_SUPPLIED DATA_.
----

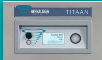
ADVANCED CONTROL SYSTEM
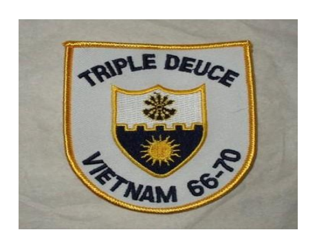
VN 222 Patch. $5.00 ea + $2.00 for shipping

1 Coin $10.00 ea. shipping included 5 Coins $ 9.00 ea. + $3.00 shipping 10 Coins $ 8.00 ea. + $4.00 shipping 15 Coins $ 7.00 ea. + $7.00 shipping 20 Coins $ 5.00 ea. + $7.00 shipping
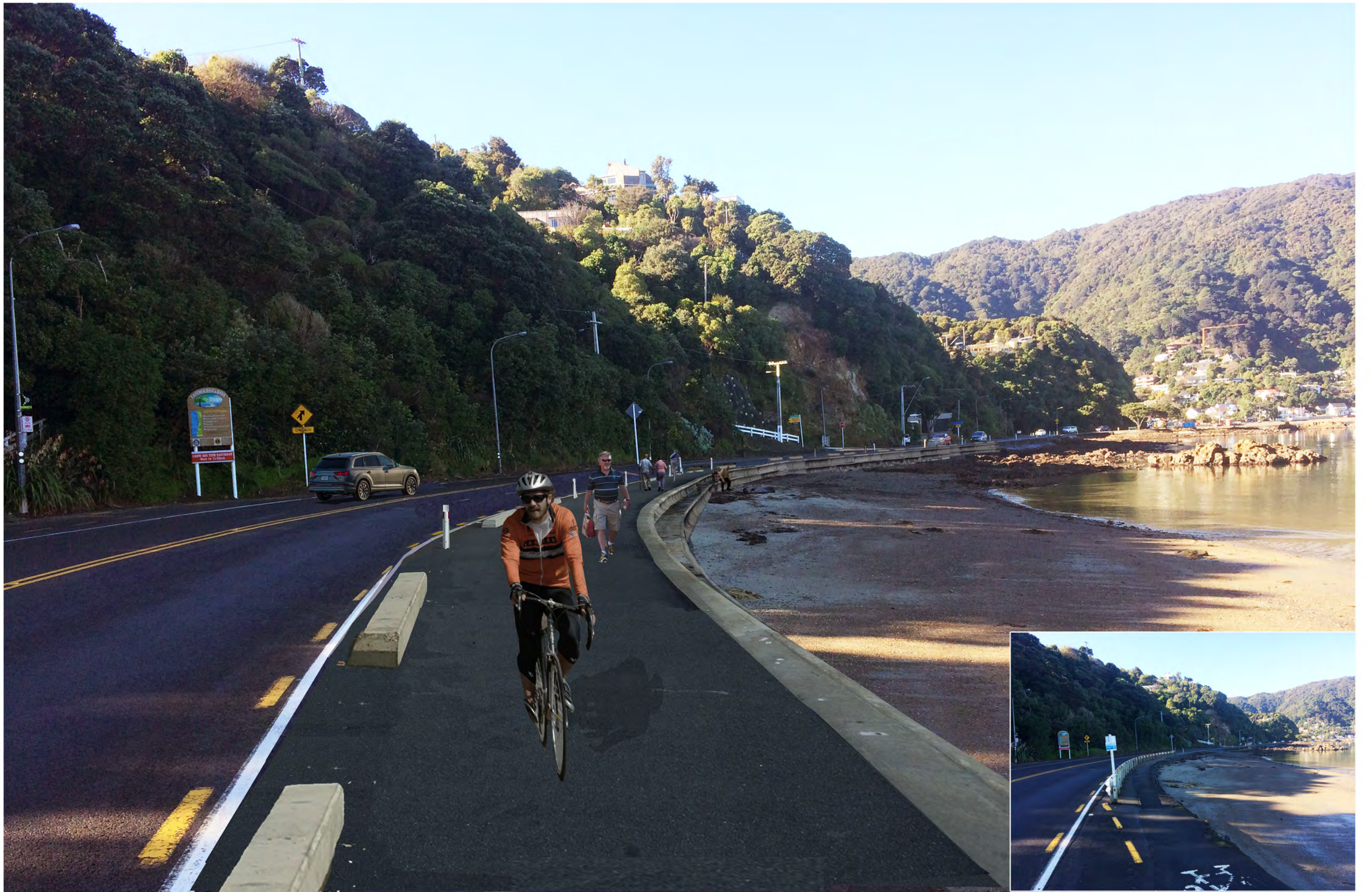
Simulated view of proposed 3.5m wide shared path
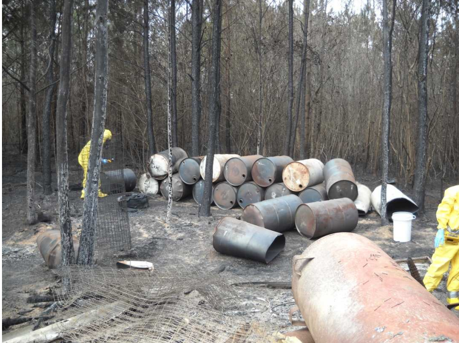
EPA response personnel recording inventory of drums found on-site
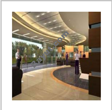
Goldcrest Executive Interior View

----

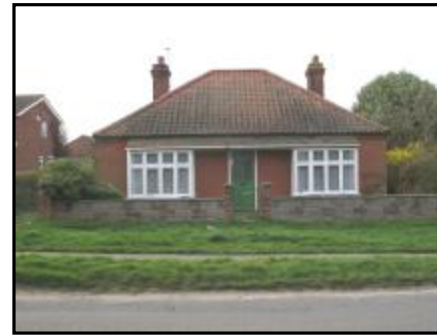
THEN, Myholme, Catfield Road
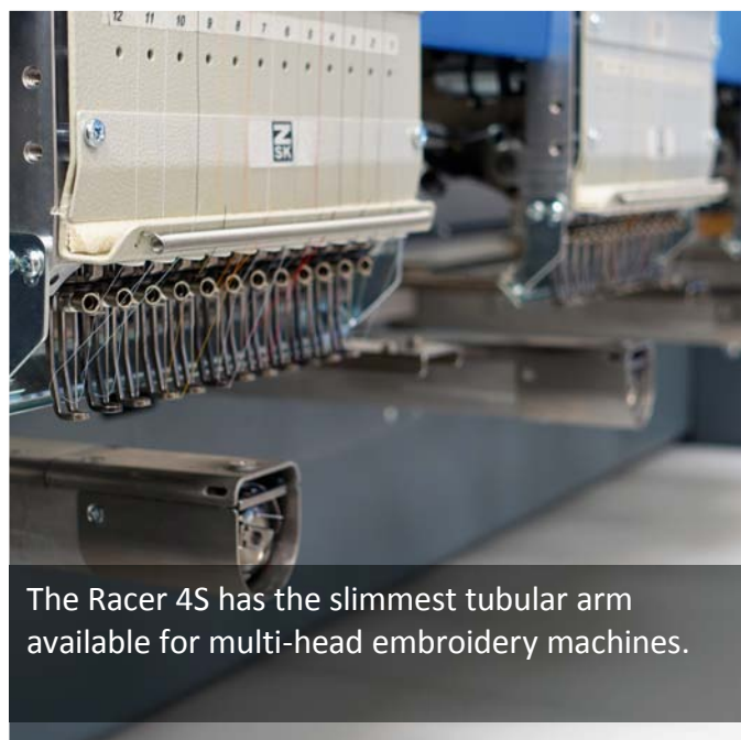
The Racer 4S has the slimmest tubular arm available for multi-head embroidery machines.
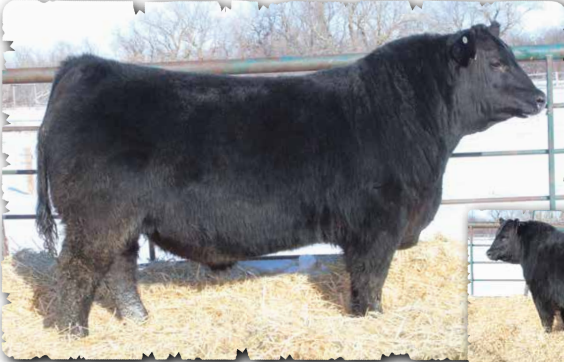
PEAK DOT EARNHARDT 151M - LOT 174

----

_WHAT THIS TASK INVOLVES_. Give the number of lines in the listing that contain the word "shipping", leaving out all other words.

_EXERCISE RESPONSE_. 2